If it is true that we are what we do, a corollary is that we do it with, to, for, by somebody else. As John Dunne said,
No man is an island entire of itself; every man
is a piece of the continent, a part of the main;
... any man's death diminishes me,
because I am involved in mankind...
The philosophizing recluse is an extreme, of which there are probably not many actual examples. More common are the professional or devoted amateur philosophers, who are narrowly focussed, and likely involved with other people who are similarly narrowly focussed. They occupy islands with a small number of inhabitants. Their "field" is very proscribed.
There are groups of extremophiles who are similar to philosophers: Old line socialists and anarchists come to mind. They are very narrow in their views, quite restricted in their activities.
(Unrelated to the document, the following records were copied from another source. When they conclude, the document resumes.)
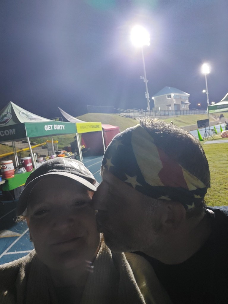 The drive to Greenville lasted four and a half hours, which included a stop at Cracker Barrel (it was the only thing that we could find without a wait. I had fish and a baked potato with the delicious baked apples). We arrived at our airbnb at 9:30, showered and went right to bed. 5:00 wake up call, another shower, bagel with honey, jelly and bananas and a cup of coffee and we were out the door by 6:15. Arrived at the track at 6:30, unloaded the tent, table, chair, cooler and laundry basket with my shoes, extra socks, running attire and medical kit. We were set up by 7:00 and ready to go. Now I had to relax and wait an hour for the start. With all my time that I spent on a track, all I wanted to do was warm up and do some striders to get ready, but I knew that was counter productive to running my first few miles at 9:30-9:45 pace.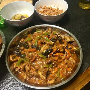 把所有的食材倒入,加一点热水,咕嘟咕嘟。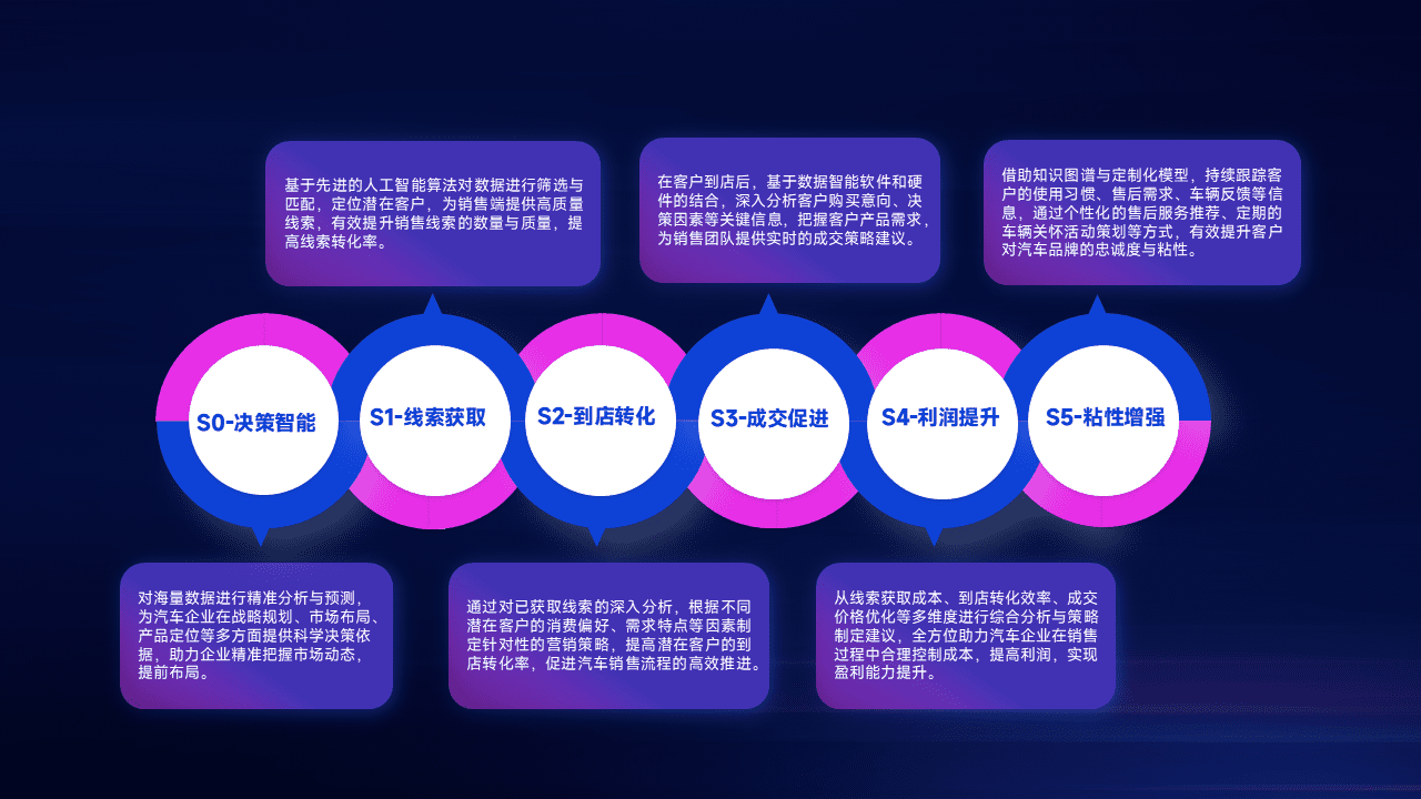 通过拓宽潜在客户来源、、、优化线索分配并提高到店转化率,,以增强销售效率。。。。同时,,利用线索数据不断优化分析模型,,,有效提升转化率,,扩大营销影响力。。。。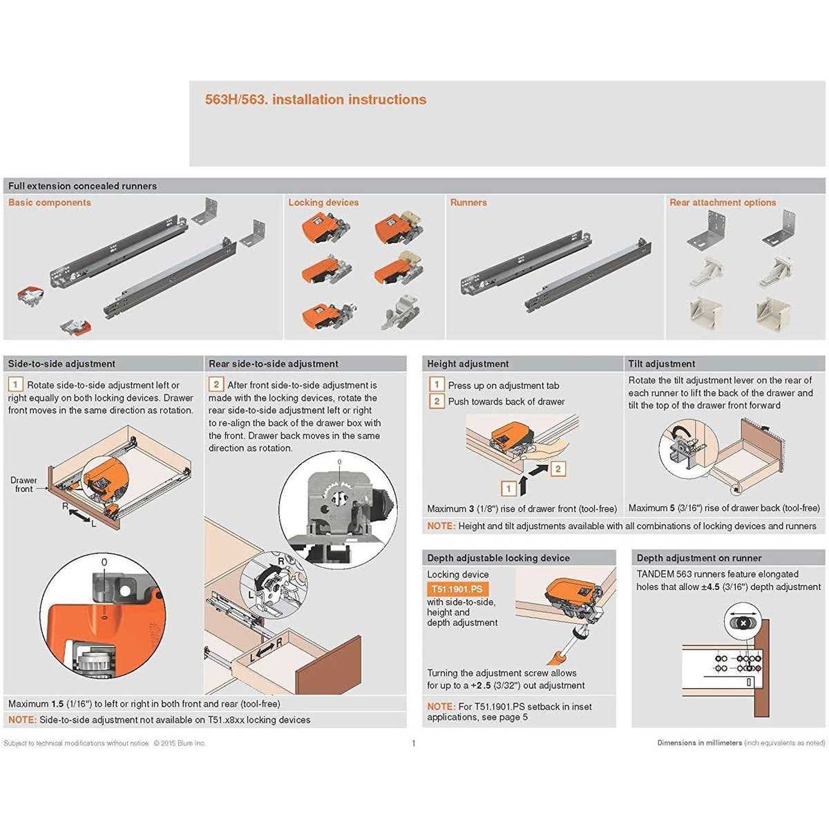 Blums newest generation of TANDEM plus BLUMOTION concealed drawer runners offers four-dimensional adjustment, elongated holes for depth adjustment, bottom mount holes and exceptional load capacity (100 lb. static load). TANDEM plus BLUMOTION concealed runners are made in the USA at Blums North Carolina facility. This is just one example of Blums commitment to manufacturing in the US, for the US. TANDEM plus BLUMOTION is mounted discreetly beneath the drawer and has the quietest opening and closing action available. This top-of-the-line concealed runner is the industry choice for dovetail drawers in high-end cabinetry, in either face frame or panel. For installation on both face frame or frameless cabinet drawers Fully concealed drawer slides are full extension Designed for drawers that are 1/2″ to 5/8″ thick. Requires notch and hole drilled on back underside of drawer box. Everything you need!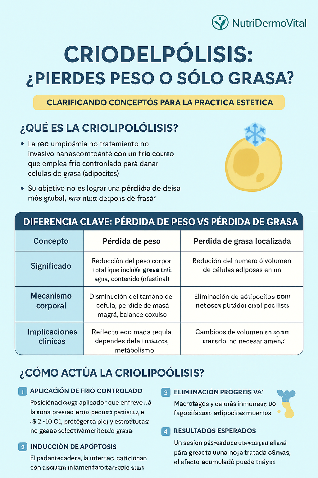- En la práctica clínica con criolipólisis, los resultados de reducción de volumen o de perímetro (mediciones con cinta métrica) son visualmente más sensibles que el peso total corporal.

Actually there are quite a few 'specialties' in which a sort of OCD takes over, whether the subject matter is Jane Austin, bird watching, or body builders.
Most of these extremophiles are not harmful to society; they are more just irrelevant. I am thinking of actual people I know who fit as extremophiles. They are not bad people.
The really bad people in this world are immensely involved with other people as racketeers of various kinds -- Bernie Madoff to Mark Zuckerberg.
Most people fall in between the extremes, in the middle. Their lives are indifferent, good, or bad (a continuum) as they live out the roles, the possibilities, of their particular lives.
From my POV, the quality of a life is determined by what we do, with whom, to whom, by whom, for whom. Any individual on earth has opportunities to make positive contributions in their interactions with other people. Most people act in small positive ways most of the time. When large numbers of people act in negative ways, and larger negative ways at that, life for other people begins to deteriorate. Lots of examples of both the positive and the negative.